All of my problems seemed far away yesterday. The lyrics of “Yesterday” are the same.

The lyrics of “Answer Me, My Love” are as such. It looks like they are here to stay.

I believed that love was here to stay. Yesterday she was mine.

It was knocked from the number-one spot by another version of “Answer Me, My Love.” It was the first time in the history of the UK pop chart that a song was replaced by another version of itself. McCartney did not steal from “Answer Me, My Love”. It is almost certain that he heard the song before. When McCartney was eleven years old, a version of “Answer Me, My Love” was the number one song on the UK charts.

You have an idea for a novel that sells a million copies. Maybe you took a vacation last month, so you are in the right state of mind to have this idea. Two days ago, you got a massage. You went on a hike earlier in the day, which may have made you think more clearly. The woman who wore the funny red hat was walking by the cafe. It could have been inspired by a book your mom read to you when you were three years old. Was McCartney influenced by this song? It is not certain, but it is plausible.

Time management was the birth of Taylorism. When we started to see time as a production unit, it was then. We are done with time management.

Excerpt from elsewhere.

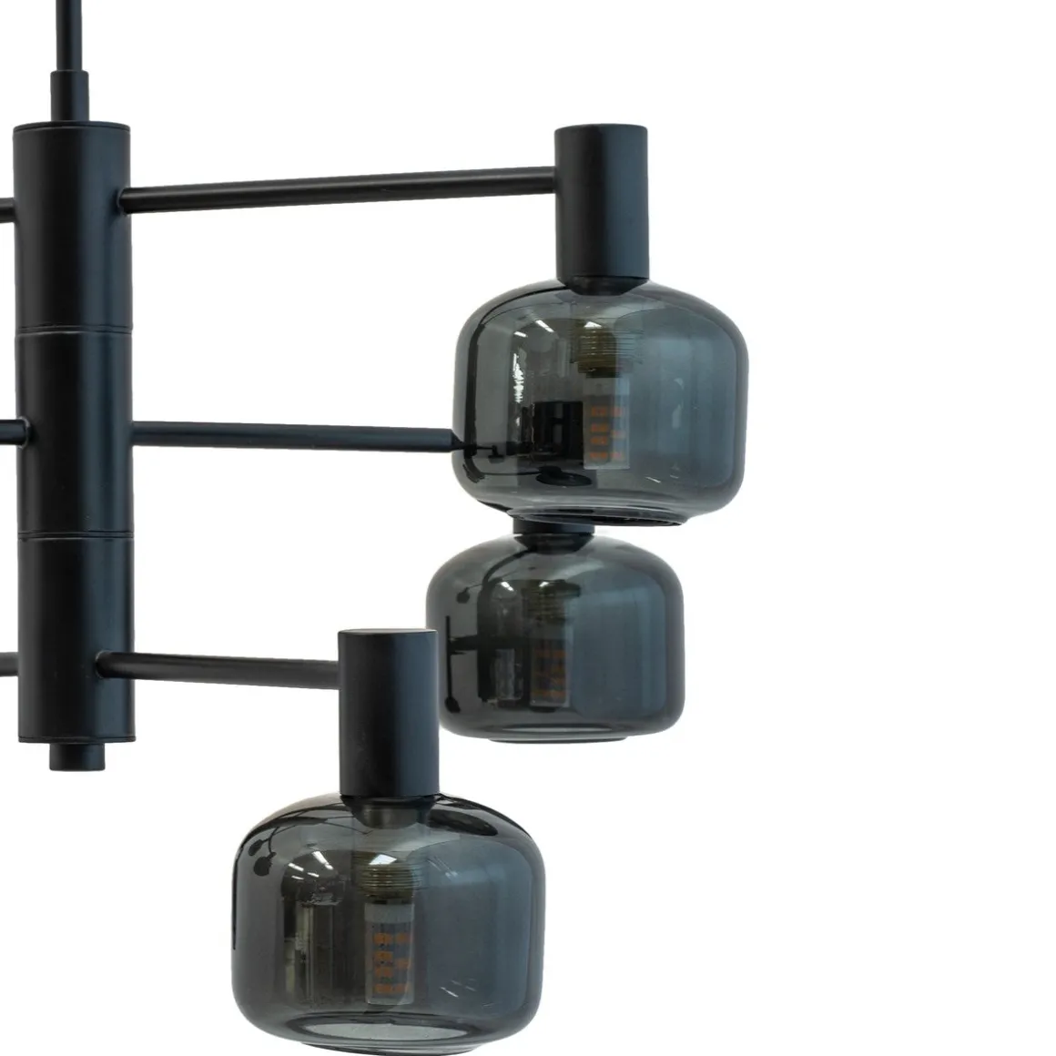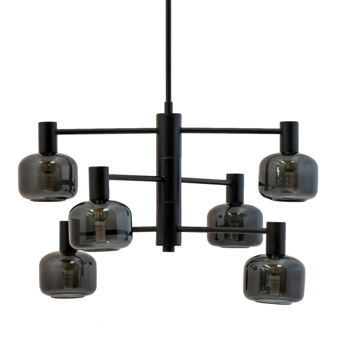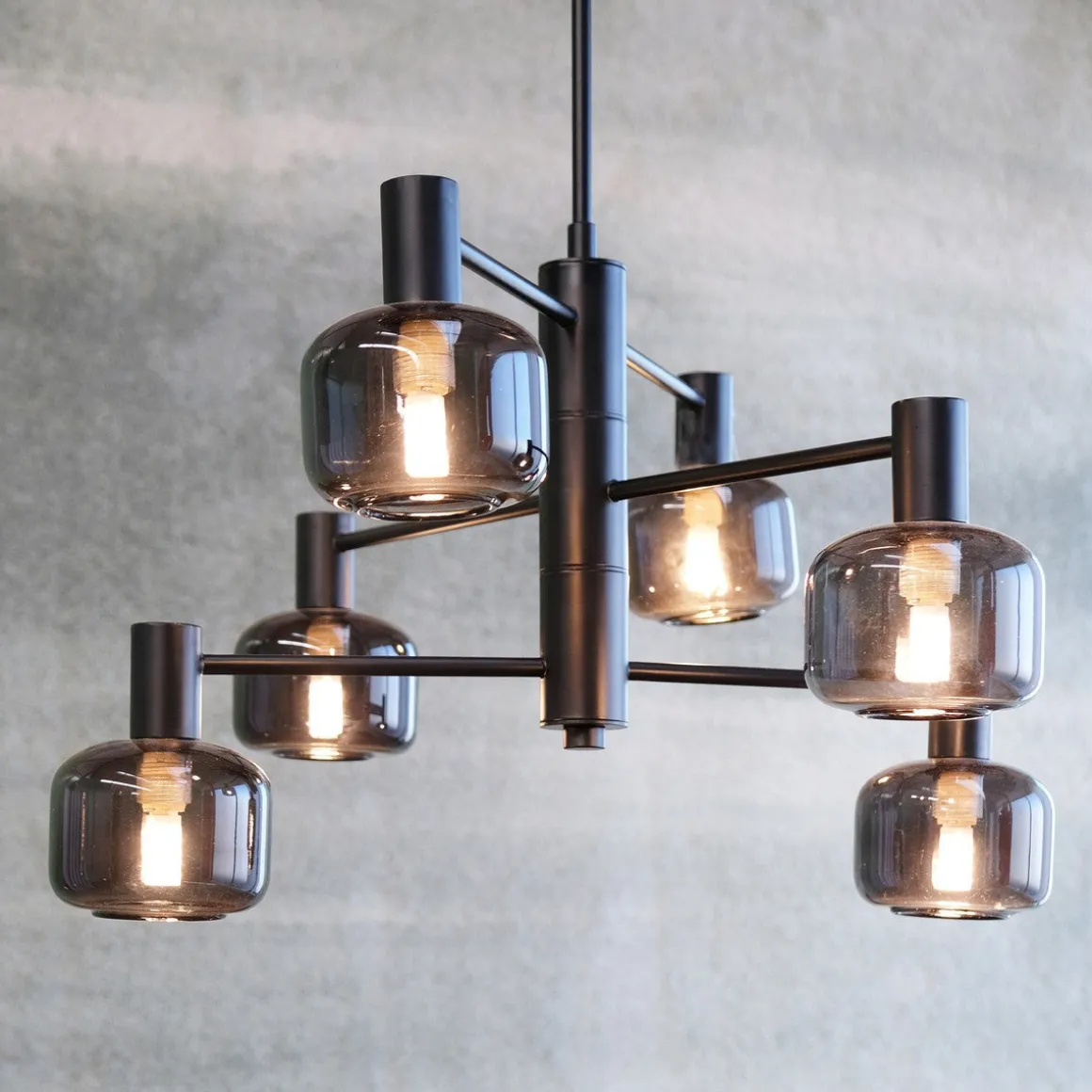Oppnå den perfekte balansen mellom form og funksjon med vår Arp-lysekrone, som har 6 vakre glasskupler i røkt glass og en elegant svart oppheng.

It doesn’t work that way. Taylor learned that human energy doesn’t neatly pack together to fill all available time, even in work as simple as moving chunks of iron. We have limits that we can not exceed. When we think of time as a production unit, we assume that each additional unit of time we spend will give us the same gain in output as the previous unit of time.

People say there is only twenty-four hours in a day. The conclusion we are supposed to draw from that is that time is precious and so you better fill it all up. We are still treating time as a production unit. We fill our calendars with boxes. It’s called “calendar Tetris.” We live by that calendar.

It was a big leap forward to fill up that time. There is a limit if there is only twenty-four hours in a day. Time management is squeezing blood from a stone. The stone is very fragile when it comes to creative work.